In her chapter focusing on Flora Tristan’s militant feminist writings and their influence on her grandson, Paul Gauguin, Broude outlines the extent of the artist’s awareness of this social reformer’s theories and activism. With precise references, Broude points out where these ideas surface in Gauguin’s own writings. At the same time, she touches on the subject of Gauguin’s sexual exploits in light of his assumption of colonial, white-male prerogative. The door is opened to much more research and analysis on this subject: for example, Gauguin wrote extensively about his opposition to marriage and the oppression of women and their lack of opportunities, suggesting that his paradise would be characterized by total equality between the sexes. Nonetheless, his life choices belie his intellectual musings. These contradictions underline the difficulty of simply dismissing Gauguin as what today we would call a “sexual tourist” rather than using his story to study and even critique the society of his time.

Focusing on Gauguin’s 1897 text “The Catholic Church and Modern Times,” Barbara Larson bravely delves into the vast realms of psychology, theosophy, physiology, and other philosophical preoccupations of late nineteenth-century science and pseudoscience. She makes an intriguing effort to recast Gauguin’s 1888 Vision of the Sermon in terms of nineteenth-century fascination with hypnotism. She introduces evolutionism as a means of reading Where Are We Coming From? What Are We? Where Are We Going? (179). Her approach needs to be balanced, however, by an acknowledgment of the impact of both Breton and Polynesian traditions on Gauguin’s creative practice. The small cow in Vision of the Sermon, for example, grounds the painting’s symbolism by suggesting the traditional sport of Breton wrestling. Many of the golden-skinned figures in Where Are We Coming From? What Are We? Where Are We Going? anchor the work in Polynesian lore.

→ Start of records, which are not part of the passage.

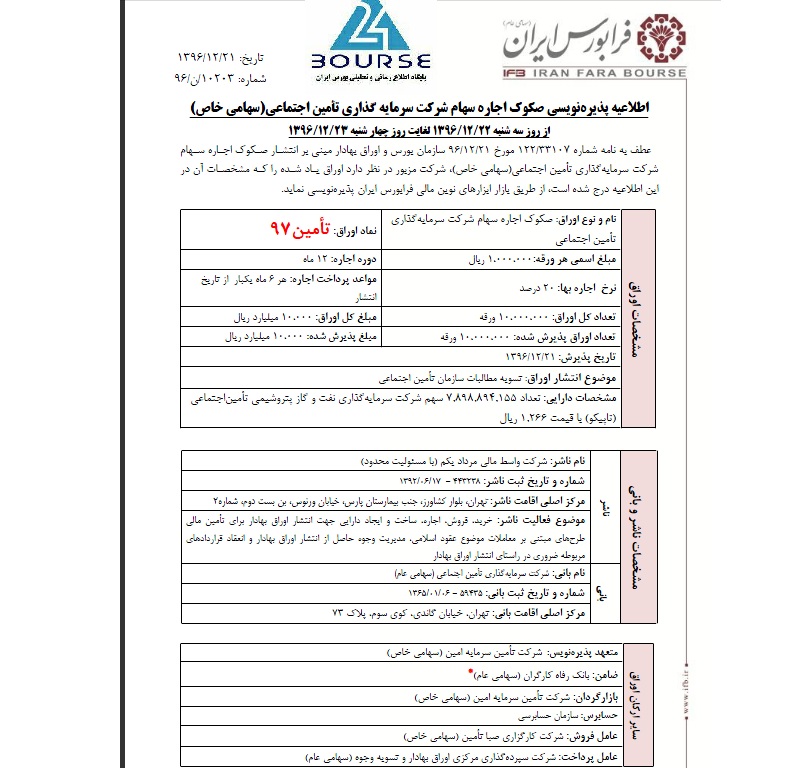 به گزارش بورس٢۴، هزار میلیارد تومان اوراق صکوک تامین اجتماعی از فردا با نرخ سود ٢٠ درصد در بازار فرابورس پذیره نویسی می شود.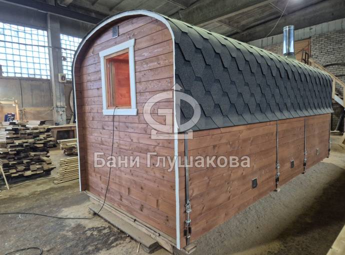 Баня «Буханочка» из бочковой термодоски размером 4х5 метров — это компактное, но полностью функциональное решение для тех, кто ценит практичность, стиль и уют. Модель объединяет все основные помещения, необходимые для комфортного отдыха, при этом занимает минимум места на участке.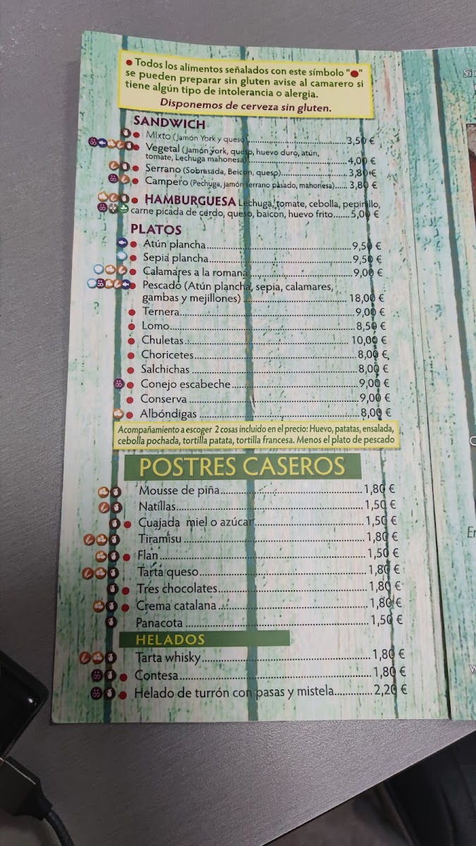 - Desserts: Homemade sweets including tiramisú, crema catalana cuajada con miel (Catalan cream with honey), and dulce de turrón.

Irina Stotland also explores esoteric literature as she analyzes the transcendent androgyny seen in Gauguin’s portraits. While some of the sources she cites seem a bit obscure, they open up new avenues of thought for contemporary scholars. Gauguin’s own Oviri (“savage” in Tahitian) is certainly an androgynous self-portrait, but associating him/her with Séraphîta, Flora Tristan, incest, fertility, perversity, and cruelty (58) appears a bit extreme; these associations ignore the role of the traditional Polynesian figure Oviri (a Polynesian word for  “savage”). The message the 1894 ceramic Oviri carries from the artist himself to tomorrow’s artists is to destroy past artistic traditions. It stares into the future from Gauguin’s gravesite in Atuona, challenging artists to “dare anything” to create a new artistic vocabulary.

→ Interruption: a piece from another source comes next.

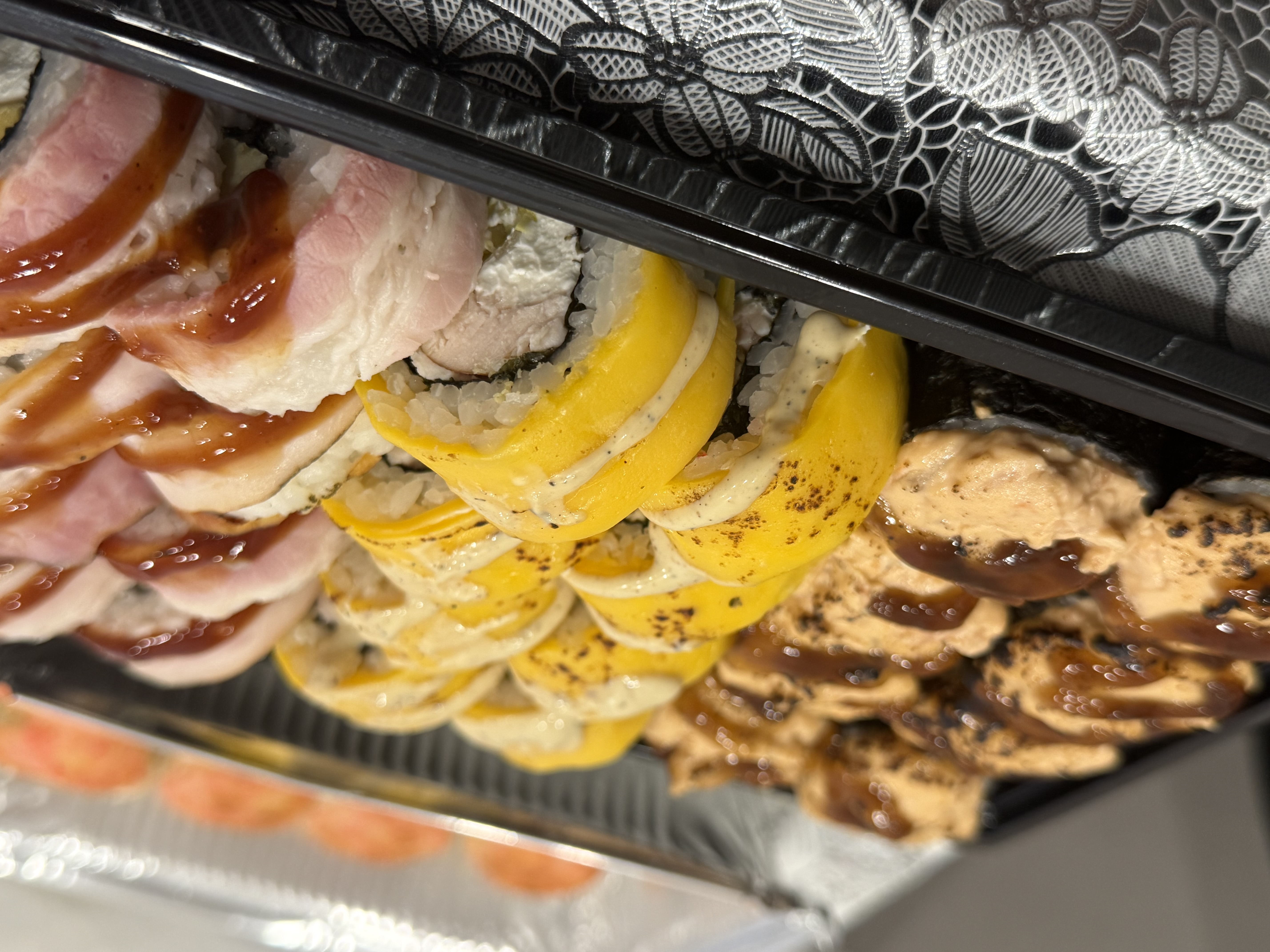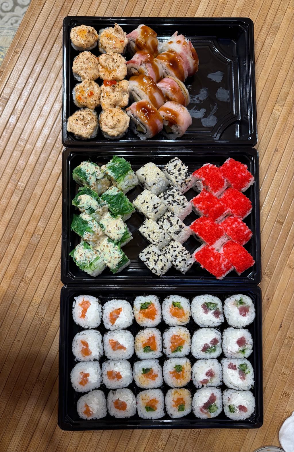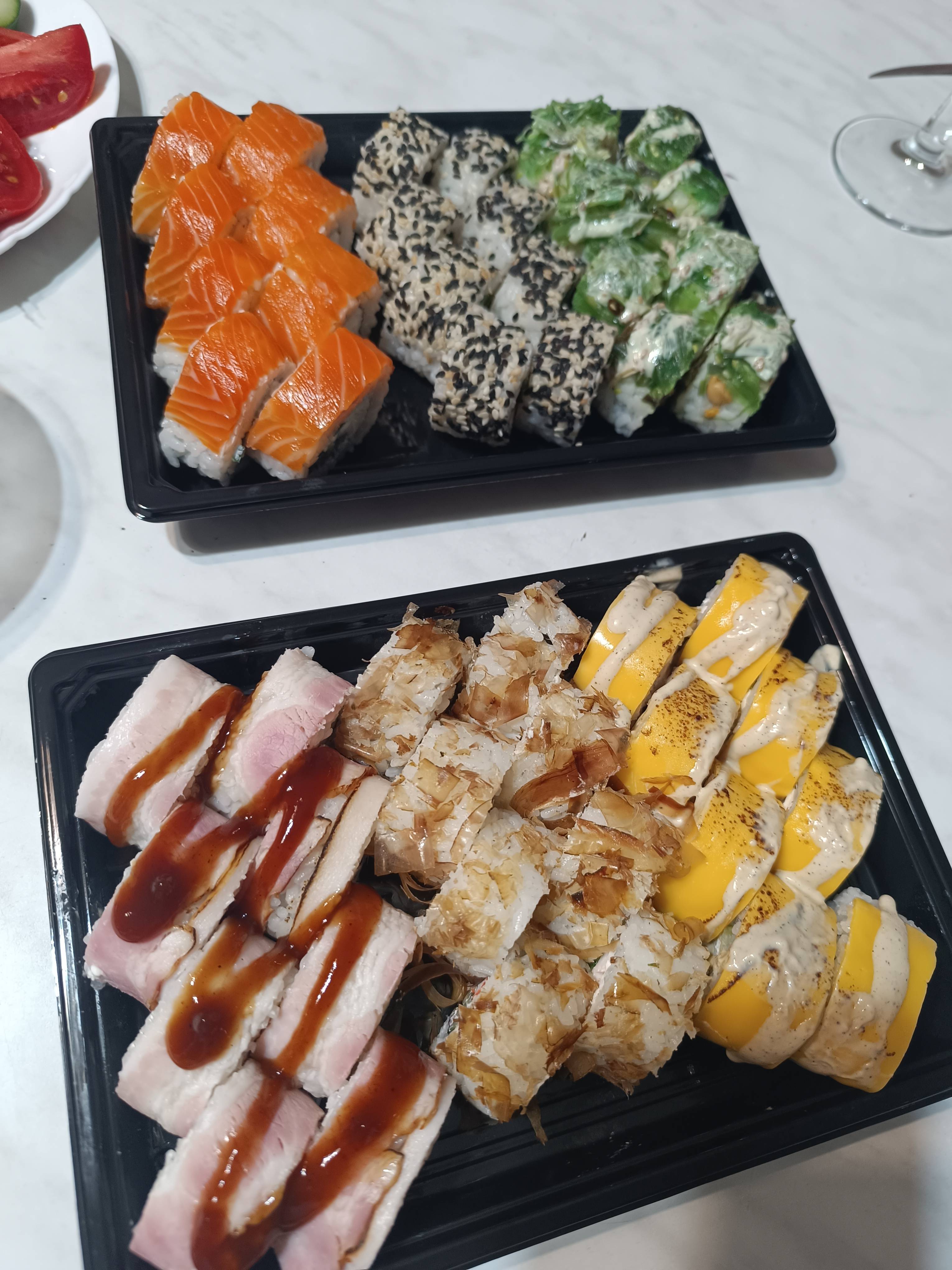 Заказ делали первый раз. Сказать, что удивлена вся семья это ничего не сказать. Суши сет Гриль, просто обалденные Оценка 10из 10!!!Во - первых, отмечу, все продукты свежие, рис сварен прекрасно, не сухой, как во - многих заведениях, начинки (творожный сыр, в достаточном количестве и креветок, ароматный бекон, по бокам отличная посыпка(кунжут). Сочетание соусов, на всех сушах оригинальное. У нас был самовывоз, аромат в машине - слюной можно подавиться, по приезду, поняли, что не прогадали.. Очень надеемся, что последующие заказы останутся на том же уровне!!!!

Linda Goddard’s chapter further explores Gauguin’s self-portraits in relation to literary texts, particularly the various personalities portrayed by the artist in both his writings and visual art. These personalities range from that of the “primitive savage” (15) to the fabricated “great professor” from the time of Tamerlane, Mani Vehbi Zumbul-Zadi (27), to an almost Surrealist morphing of the artist’s own personality from one form to another. Goddard summarizes: “By adopting different identities as a writer, he could temporarily become someone other than himself, and in the process, unsettle a series of related binary oppositions between male and female, civilized and savage, writer and artist” (26).

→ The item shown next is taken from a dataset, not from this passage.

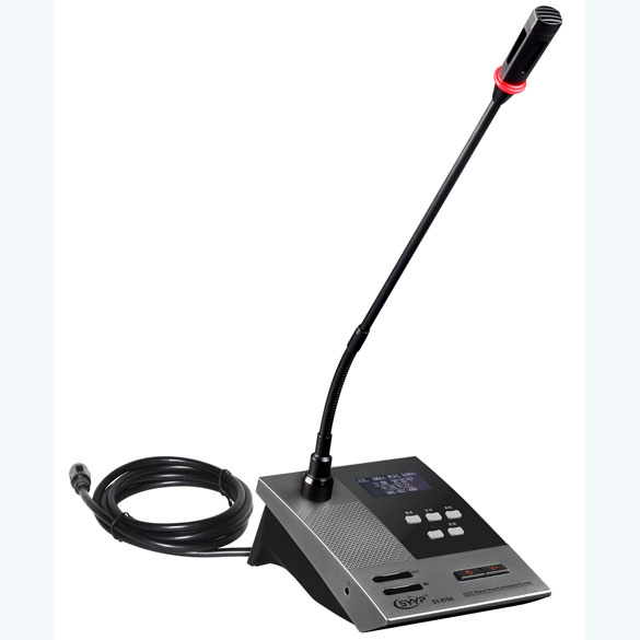 1. 采用全數字集成電路技術,集會議討論、視像跟蹤、電子簽到、投票表決功能于一體。 2. 七種發言模式:先進先出、后進先出、主席專用、限制發言、自由討論、壓倒輪替、申請發言。 3. 七種發言人數:1-6(人可選 )、N(全開放)。 4. 采用輕觸式九鍵控制菜單,并支持中/英文切換等功能;LCD屏顯示工作內容。 5. 自帶防嘯叫功能,開啟移頻功能可以有效地抑制嘯叫、擴展音量,增加拾音距離,保證語音的傳送質量,保真度高,聲音清晰。 6. 通用USB錄音接口,支持熱插拔,可隨意配搭常用電子產品使用。 7.備PC軟件,電腦操作隨意控。主屏/副屏同時顯示表決內容,彰顯會議公開化。 8. RS232端口可外接PC,結合加密型軟件聯動操作,也可連接中控,令會議設備更智能化。 9. 主機可以連接60個會議話筒單元,分四路并聯輸出,每路可連接20個單元,可無限增加電源擴展或數據擴展。 10. 連接狀態不正常時產生鋒嗚,按OK鍵可停止鳴叫;并具有智能斷電記憶功能,可記憶程序運行狀態,若意外斷電后,通電后即恢復最后一次設置。 11. 內置電話偶合器輸入和輸出端口,可用來召開遠程電話會議。 12. 連接視像頭可實現發言實時視像追蹤功能,支持4路攝像頭信號輸入,2路視頻輸出;三種攝像機通訊協議,兼容性強: Pelco_D 、Pelco_P 、VISCA。 電源供應: AC-100-240V 50/60Hz 輸出阻抗: RCA:200歐 LINE:200歐 BALANCE:300歐 UNBALANCE:400歐 輸入阻抗: LINE:50K歐 DIN:50K歐 信噪比: 100dB(1KHz THD1%) 機箱尺寸: 480X360X85MM 附件: 10M 8P 屏蔽線 SY-870A主席單元(下圖) SY-870A主席單元功能參數: 1、智能數字化設計控制電路,功耗低。 2、外置三鍵表決、電子簽到功能。 3、獨特的40CM長管,360度全方位旋轉設計,可拆卸;高保真單指向性電容咪芯,拾音距離遠、聲音還原度好、清晰度高、噪音小。 4、主席單元有優先發言權,可隨時關閉其他列席單元。 5、128X64LCD液晶,顯示單元身份、發言模式、發言狀態、發言時間。 6、優良抗手機干擾能力。 7、無噪音輕觸開關設計,操作靈活; 8、獨有音箱網外觀設計內置揚聲器,可用于會議擴音及播放會議背景音樂。 9、輕觸開關音量控制設計,可調節音量大小。 10、左側設計有3.5音頻輸出,收聽其他列席會議發言內容。 11、會議單元支持熱插拔功能,自帶2.1米8P連接線;手拉手連接模式,安裝簡便,操作靈活。 類型: 電容式 指向性: 單一指向性 頻率響應: 30Hz-18KHz 靈敏度: -43±2db@1KHz 輸入電壓: DC 9V(主機供電) 最小輸入阻抗: 1千歐 新噪比: 68 dB 輸入導線: 2.0M 8P屏蔽線 附件: 防風海綿、2.0M 8P T3M屏蔽線 SY-870B代表單元(下圖) SY-870B代表單元功能參數:

Gauguin’s spiritual state at the end of his life is a focus of June E. Hargrove’s article. Citing such Western sources as Paul Cézanne, Thomas Carlyle, Gerald Massey, and theosophy, as well as the rather abstruse topic of metempsychosis, Hargrove unites the Marquesan paintings The Bathers and Marquesan Man in Red Cape into a traditional diptych: the former represents “the natural man who protests conventions,” while the latter “is the ideal prophet who transcends the worldly” (204). This is an interesting speculation that is enriched by new research suggesting that the male figure in Marquesan Man in Red Cape was inspired by the artist’s friend Haapuani. This tall, striking Marquesan was a deacon in the Protestant church in Atuona, but he had also been trained by his family as a taua, a priest or sorcerer of the ancient ways. This dual spiritual role enriches the symbolic complexity of the painting (see Caroline Boyle-Turner, Paul Gauguin and the Marquesas: Paradise Found? [Pont-Aven, France: Editions Vagamundo, 2016], 144–51).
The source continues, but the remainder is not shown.